Resgatar a profecia da Igreja. 12 de outubro de 2021: o milagre da mãe aparecida em favor do Brasil

Dom Orlando durante homilia em Aparecida | Foto: Reprodução / Youtube

01 Dezembro 2021

 

"Do alto dos seus 75 anos de idade (13 de abril) e dos seus 27 anos como bispo, com o olhar fixo em Maria, D. Orlando Brandes, foi mensageiro do milagre da Mãe Aparecida para o povo brasileiro", escreve Vitor Hugo Mendes, doutor em Educação (UFRGS), doutor em Teologia (UPSA, Salamanca), pós-doutor em pensamento Ibérico e latino-americano e presbítero da Diocese de Lages (SC). Recentemente publicou o livro (em dois volumes) Liberación um balance histórico bajo el influjo de Aparecida y Laudato si’. El aporte latinoamericano de Francisco pela Editora APPRIS em parceria com AMERÍNDIA (2021).

 

Eis o artigo. 

 

Este ano, o 12 de outubro, dia da Padroeira do Brasil e das crianças, foi verdadeiramente extraordinário. Os sinais dos tempos não podiam ser mais evidentes e a Liturgia da Palavra não podia ser mais eloquente: “O dragão colocou-se diante da mulher que estava para dar à luz, pronto para devorar o Filho, logo que ele nascesse”. [...] Eles, porém, venceram o dragão pelo sangue do Cordeiro e pela palavra do testemunho que deram, pois diante da morte desprezaram a própria vida” (Ap 12).

 

Na manhã daquele dia, durante a missa principal na Catedral Basílica Santuário Nacional, o arcebispo de Aparecida, o catarinense Orlando Brandes, proferiu uma homilia incomum que rapidamente ganhou as redes sociais: “na segunda leitura do Apocalipse [...] – dizia o prelado – brilha Nossa Senhora, revestida de Jesus, para vencer todos os dragões, quer dizer todas as perseguições e todas as crises e dificuldades que o novo povo de Deus passa, passou e passará.

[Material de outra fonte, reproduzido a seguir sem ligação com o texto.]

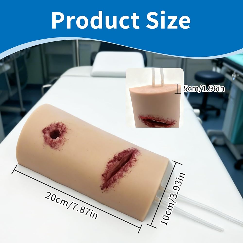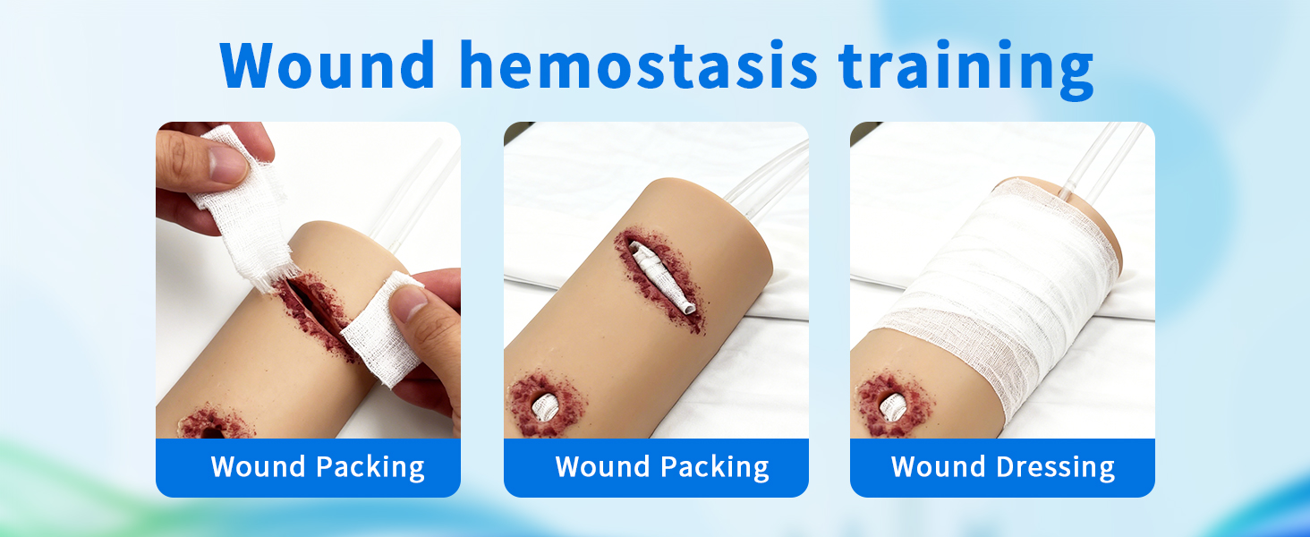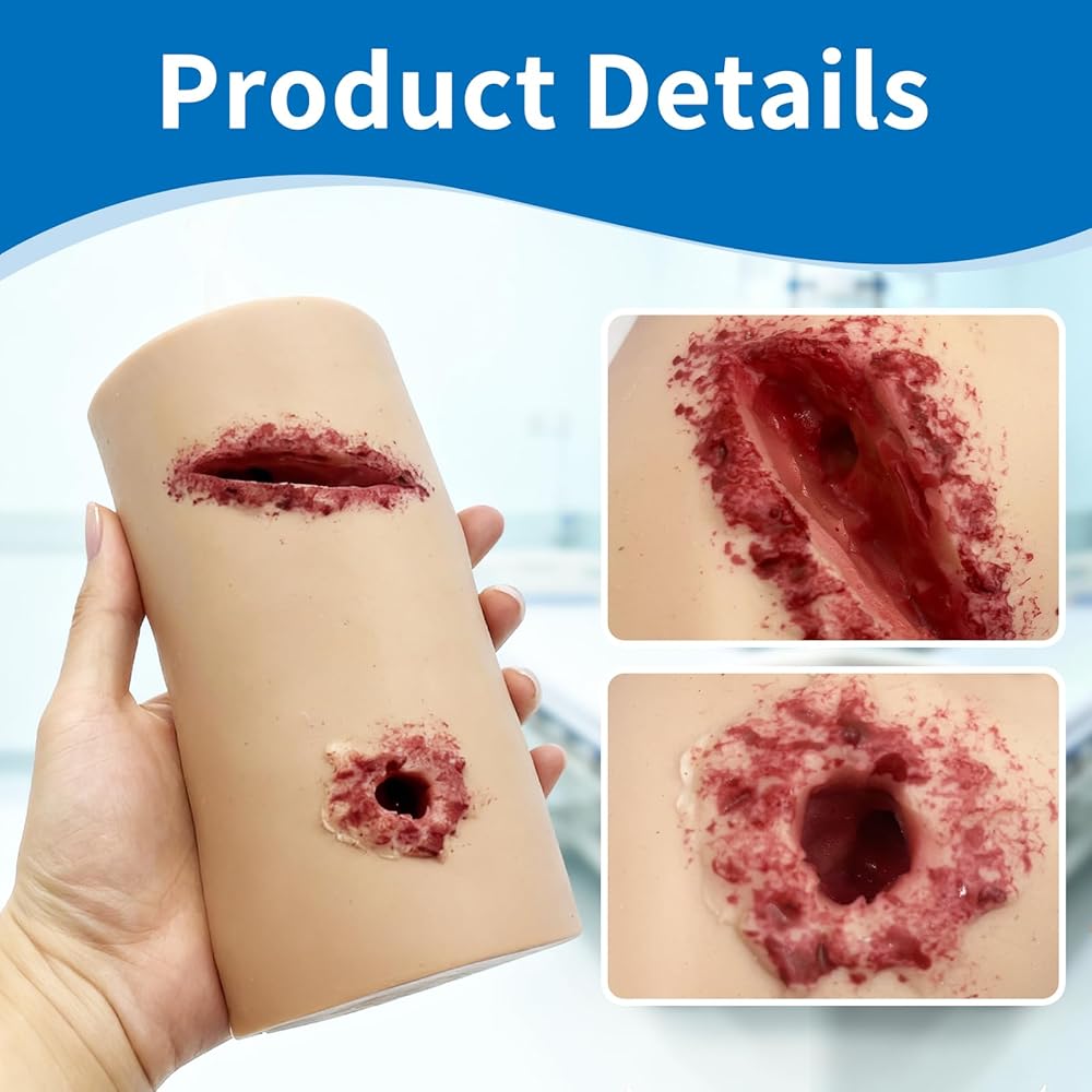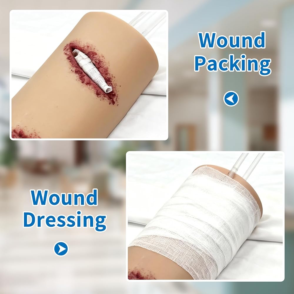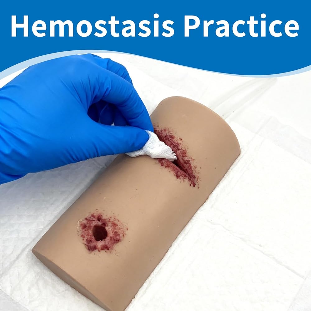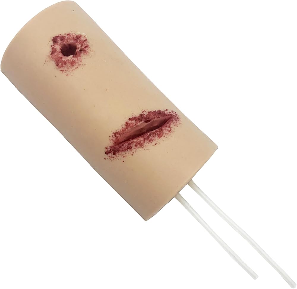 ➤ نموذج محاكاة الجروح: النموذج عبارة عن تمزق واقعي وجرح رصاصة وجروح طعنة في الفخذ. يدعم النموذج التدريب على استخدام الضمادات والعاصبة (غير متضمنة في العبوة). يمكن استخدامه كمدرب جاف أو مصبوب بمحاكاة الدم لتجربة تدريب واقعية.

E o povo olha para Maria, a Igreja olha para Maria [...]”.

 

E dessa maneira, foi recordando uma realidade que atualiza para hoje o MAGNIFICAT de Maria:

 

Eu quero pedir que cada um de nós abrace o Brasil, abrace o nosso povo brasileiro, a começar pelo povo mais original, vamos abraçar os nossos índios, primeiro povo desta Terra de Santa Cruz, vamos abraçar os negros que logo vieram fazer parte desta terra, vamos abraçar os europeus que aqui chegaram, mas, nestes dias, abracemos o Brasil enlutado pelas 600 mil mortes, vamos abraçar nossas crianças, porque hoje é o dia da criança, vamos abraçar nossos pobres... e abracemos também nossas autoridades, para que juntos construamos então um Brasil ‘Pátria Amada’, e, para ser Pátria Amada não pode ser “Pátria armada”. Para ser Pátria amada, seja uma pátria sem ódio, para ser Pátria amada, uma pátria uma república sem mentira e fake News, Pátria amada sem corrupção e, Pátria amada, com fraternidade, Fratelli tutti, todos irmãos, construindo a Pátria brasileira”.

 

Lembrou ainda que, Aliança, fazendo referência ao casamento de Caná da Galiléia (Evangelho), “é sinônimo de amizade, amizade pessoal, mas o papa pede, e a Doutrina Social da Igreja também, uma amizade social, uma amizade internacional, Fratelli tutti, todos irmãos. E aliança, significa parceria, diálogo mútuo, empatia, união e democracia, porque a palavra democracia vem da palavra povo, do grego demos, povo, e, então, Nossa Senhora nos quer assim, fraternos e livres. E por isso, então, em nome da aliança, vamos nós, todos, ser aliados do bem comum, que nenhum brasileiro ou brasileiro necessite catar no lixo ossos para sobreviver; aliados na verdade que liberta; aliados na justiça social que tanto agrada à mãe que rezou ‘os famintos serão saciados e o humildes serão elevados’; aliados da cultura do cuidado, com a terra nossa irmã, nossa Amazônia; aliados na fé, no ecumenismo; aliados no perdão tão necessário; aliados na ternura de Maria que é a grande revolução da fraternidade e da aliança”.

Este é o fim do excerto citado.